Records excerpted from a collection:
◆ ◆ ◆ ◆

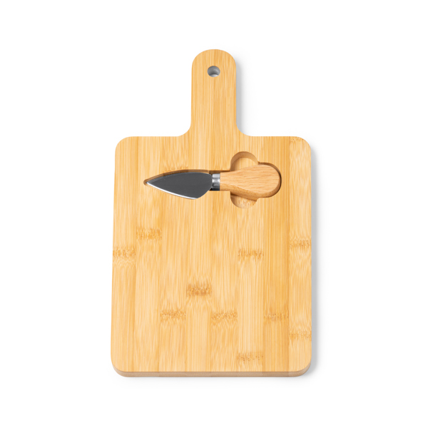 Il tagliere in bamboo è dotato di un'impugnatura per un uso confortevole. Include un coltello speciale da formaggio in acciaio inox, ideale per una preparazione e un servizio eleganti. Dimensioni: cm 31x17,5x1,4
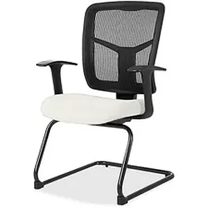 Guest chair features a mesh back, vinyl-upholstered seat and cantilever-style base. Ergonomically designed back cradles the natural curvature of a person's back. Arms adjust in width. Weight capacity is 275 lb. Chair meets/exceeds ANSI/BIFMA standards.
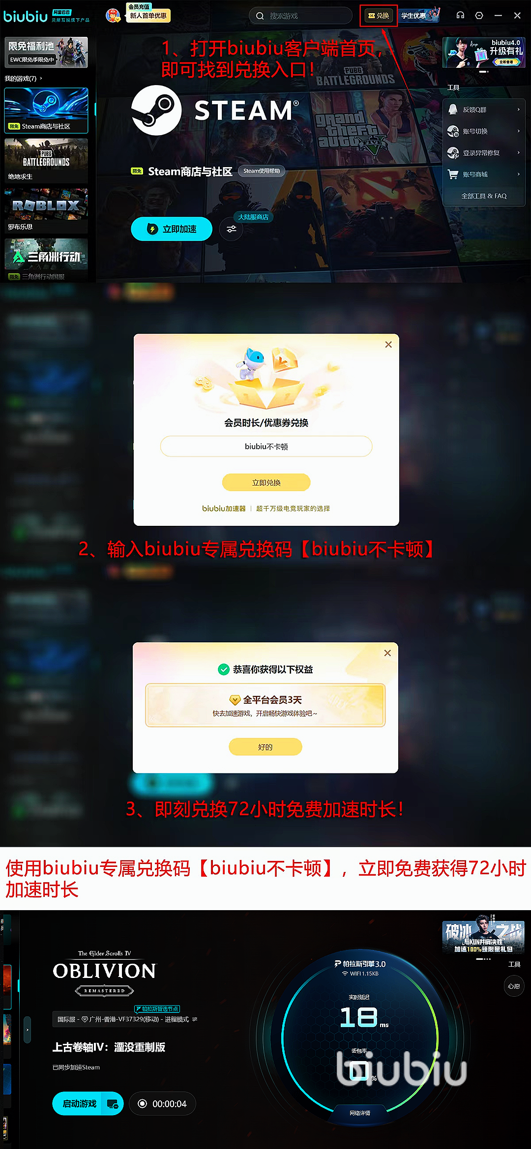除基础加速能力外,biubiu持续强化用户服务维度。新注册用户可即刻领取24小时全游戏免费加速权益;输入兑换码【biubiu不卡顿】还可叠加获得3天额外时长,总计享96小时加速服务,且该福利同样适用于国际服游戏场景。老用户亦可参与周期性回馈活动,持续获取加速时长与专属节点权限。
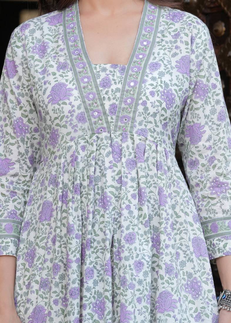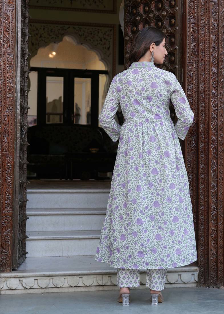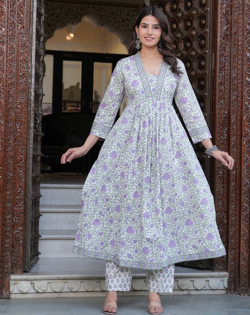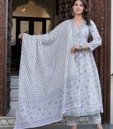| Product Name | Women Cotton Printed V Nack 3/4 Sleeves Calf Length Flared Kurta Pant And Dupatta Set | |
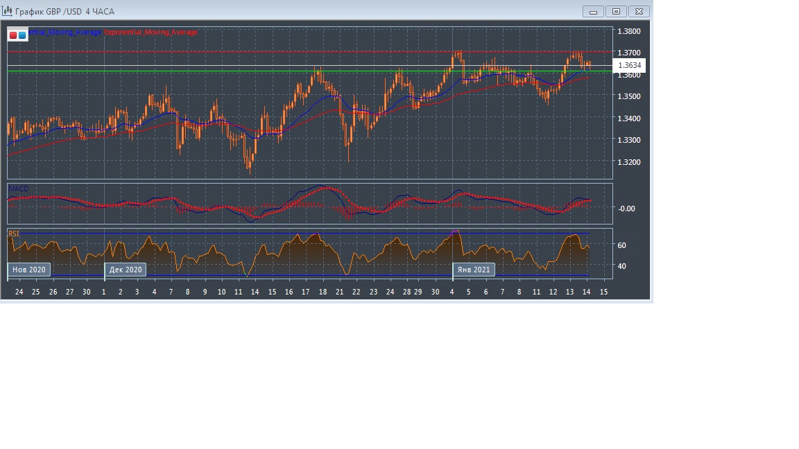 С открытием торгов в Азии в четверг данная валютная пара торгуется с понижением котировок, оставаясь в пределах уровня поддержки на 1.3608 и уровня сопротивления на 1.3701, где график рынка прогрессирует в области выше экспоненциальных скользящих средних с периодом 21 и 55 дней, демонстрируя потенциал быков, так в краткосрочной перспективе.

◆ ◆ ◆ ◆

Each line from the one containing "Dupatta Set | |" through the last line of the data should be written out exactly. Skip the pictures, and add no other lines.

### THE COMPLETED TASK
| Product Name | Women Cotton Printed V Nack 3/4 Sleeves Calf Length Flared Kurta Pant And Dupatta Set | |
 С открытием торгов в Азии в четверг данная валютная пара торгуется с понижением котировок, оставаясь в пределах уровня поддержки на 1.3608 и уровня сопротивления на 1.3701, где график рынка прогрессирует в области выше экспоненциальных скользящих средних с периодом 21 и 55 дней, демонстрируя потенциал быков, так в краткосрочной перспективе.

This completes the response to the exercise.